Forward Looking Statements

Any statements made in this Form 8-K that are not statements of historical fact, including statements about the expected timing for launching the Offer and completing the transactions referred to herein, the anticipated timing of the distribution by Calamos Investments and the potential effects of the Offer and Merger, are forward-looking statements that are based on management’s beliefs, certain assumptions and current expectations and should be evaluated as such. These statements may be identified by their use of forward-looking terminology such as the words “expect,” “project,” “anticipate,” “intend,” “may,” “seek,” “will” and similar words or expressions. Forward-looking statements include statements that may relate to the Company or Parent’s plans, objectives, strategies, goals, future events, future revenues or performance, and other information that is not historical information.
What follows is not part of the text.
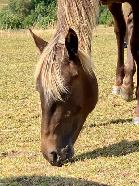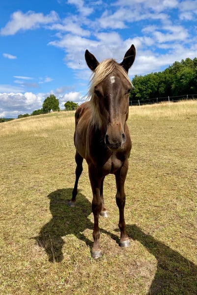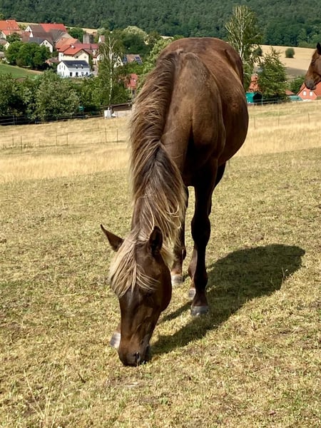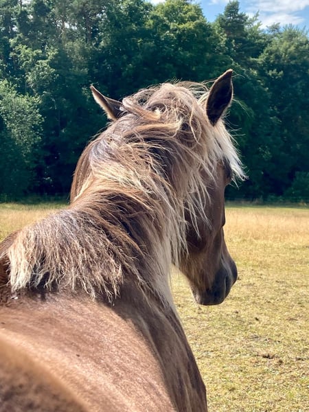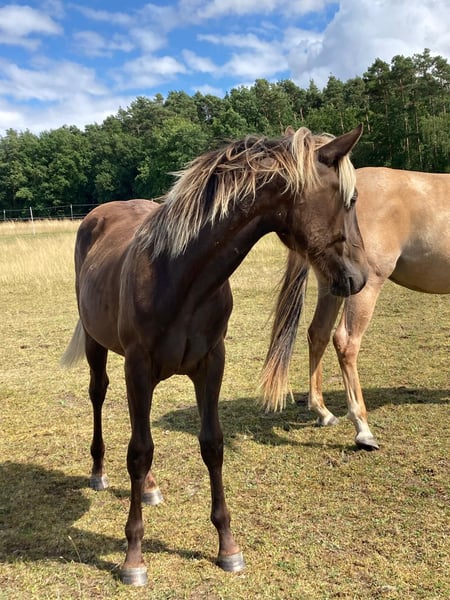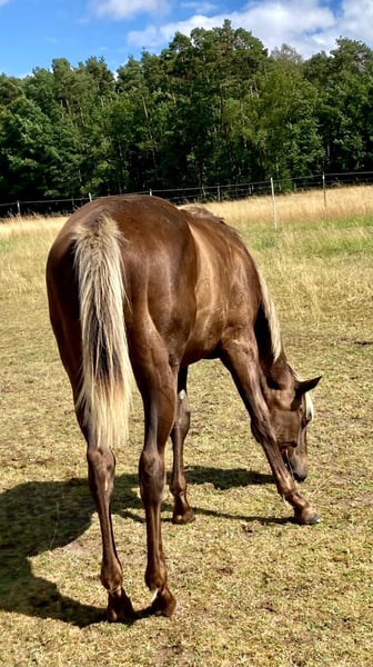 Dads Silver Princess -- da ist der Name Programm. Die Quarter Horse Stute ist eine kleine Prinzessin. Erst etwas schüchtern, aber wenn man sie für sich gewonnen hat, geht sie mit einem durch dick und dünn. Sissi weiß ganz genau, was sie will. Der Jährling ist 5.24 geboren und wird ein geschätztes Endmaß von 150 bis 155 cm bekommen. In der tollen Farbe silver bay, E/E und A/a. Sie wird eher großrahmig. Sissi liebt es im Galopp unterwegs zu sein und kann sich super bewegen. Daher auch sehr interessant für Working Equitation. Sie wächst mit Gleichaltrigen auf und kennt bei Abgabe das Fohlen 1×1. Die Stute hat einen Foundationanteil von 87 %. Der Vater ist der Silver Dapple QH Hengst Silver Apache Joe, 11,7 % Hancock gezogen. Sissis Mutter ist ebenfalls Hancock gezogen. Ein absoluter Eyecatcher für Freizeit und mehr. Inklusive einer Lebensversicherung.

Such forward-looking statements
 
 

 
involve risks and uncertainties that could cause actual results to differ materially from those projected. These risks and uncertainties include, but are not limited to, the satisfaction of the conditions to the Offer and the Merger contained in the Merger Agreement; the absence of certain material adverse changes in the Company’s business; and general economic, business and market conditions. For a more complete discussion of certain of the risks and uncertainties with respect to the Company’s business, see the discussion of risks and uncertainties in the Company’s Annual Report on Form 10-K for the fiscal year ended December 31, 2015, other reports the Company files with the SEC, as well as the documents related to the Offer to be filed by Parent, Acquisition Sub and the Company. The forward-looking statements contained in this press release are made as of the date that the press release is issued, and the Company undertakes no obligation to update any forward-looking statements, whether as a result of future events, new information or otherwise, except as required by law. All forward-looking statements in this document are qualified in their entirety by this cautionary statement.
 

 
SIGNATURES


Pursuant to the requirements of the Securities Exchange Act of 1934, the registrant has duly caused this report to be signed on its behalf by the undersigned, hereunto duly authorized.

 
Calamos Asset Management, Inc.
(Registrant)
Date:  January 11, 2017
   
 
By:
 /s/J. Christopher Jackson
   
J. Christopher Jackson
   
Senior Vice President, General Counsel and Secretary
 
 

EXHIBIT INDEX


Exhibit Number
Description
   
2.1
Agreement and Plan of Merger dated as of January 10, 2017, among the Company, Acquisition Sub and Parent*
99.1
Press Release dated January 11, 2017
* Schedules and exhibits omitted pursuant to Item 601(b)(2) of Regulation S-K. The registrant agrees to furnish copies thereof to the Securities and Exchange Commission upon request.